Chemical Engineering Department, Faculty of Engineering, Gazi University, Ankara, Turkey Chemical Engineering Department, Middle East Technical University, Ankara, Turkey



ABSTRACT: Boron oxide with a content of 99.93 wt.% from the dehydration of boric acid was synthesized. Conversion of boric acid to boron oxide was completed within 3 days at low temperature range (T < 130 °C) and approximately 30 min at high temperature range (T > 130 °C) for the isothermal dehydration reaction in the temperature range of 80 and 350 °C. Apparent activation energies were 65 and 28 kJ·mol−1 for low and high temperature ranges, respectively. Thermogravimetric analysis (TGA) results showed that the reactions were nearly completed at around 330 °C, and activation energy for the first temperature region was found to be two-thirds of the isothermal value and the same for the second temperature region. Isothermal data analysis revealed that the apparent reaction order value was around 1.0 at low temperature range and decreased to 0.55 with temperature within the high temperature range.

1. INTRODUCTION Boron compounds have been used in a wide range of traditional industrial applications. Boron compounds have also played an important role in the synthesis of nanotechnology materials.1−9 In nanotechnology, the purity of the raw material has a great effect on the yield and product purity. Preferences for ore containing boron as a source show a shift to direct use of boron oxide since boron oxide is a refined product having the highest boron content that can be obtained from the mineral. Use of the high purity boron oxide in the production technologies provides advantages such as less energy consumption, low cost, and less environmental pollution in addition to its direct effects on the quality of the end product. Boron oxide has great importance in the synthesis of the fine boron compounds having superior properties.

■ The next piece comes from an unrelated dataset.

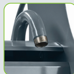
180° curved intake tube prevents the hose from kinking
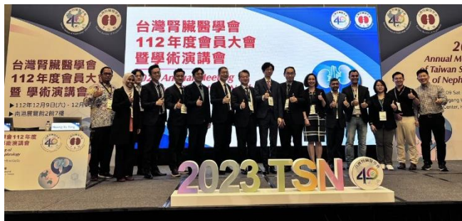
Group photo with CME awardees and faculty at the APSN-TSN CME held on 10 Dec in Taipei

Our CME activities have continued to be active throughout 2023. We have held joint APSN-host society symposia for 7 of our 8 Sponsoring Societies. From 2024, APSN will engage 4 Societies per year so that each will organise this symposium every other year to avoid overloading. Our webinars have continued to be popular including one on paediatric nephrology and one on HIF1- \alpha stabilisation with ~4800 online participants. In addition, the CME Committee has helped to shape the scientific program in the emerging Nephrology Society in Vietnam.

Studies related to the utilization of boron oxide, especially in the synthesis of materials such as boron carbide, boron nitride, optic glass, inorganic borates, and composite oxide structure catalyst, have drawn significant interest.1−3,5−14 Boron oxide was produced in muffle furnace, rotary kiln, fluidized bed, microwave oven, and thermobalance using different boron sources (ammonium perborate, ammonium tetraborate tetrahydrate, several boron minerals, borogypsum, etc.).15−24 These studies were based on slow and flash dehydrations. With a slow heating rate, final conversion to boron oxide was reached in a very long period. Although different boron sources were used, the dehydration reaction took place in two temperature regions.15,20,21,23 It was noticed that the product quality was very sensitive to source, temperature, heating rate, and microwave heating energy. The refined boron containing compound with minimum impurity can be produced from the dehydration of orthoboric acid. The dehydration takes place with two reactions in series: orthoboric acid to metaboric acid (Reaction 1) and metaboric acid to boron oxide (Reaction 2). The dehydration of boric acid starts at around 80 °C, and the first reaction is completed at around 130 °C. Reactions slow down at around 450 °C.17,24

HBO2 → 1/2B2O3 + 1/2H 2O (medium and high temp. regions: T > 130 °C (Reaction 2)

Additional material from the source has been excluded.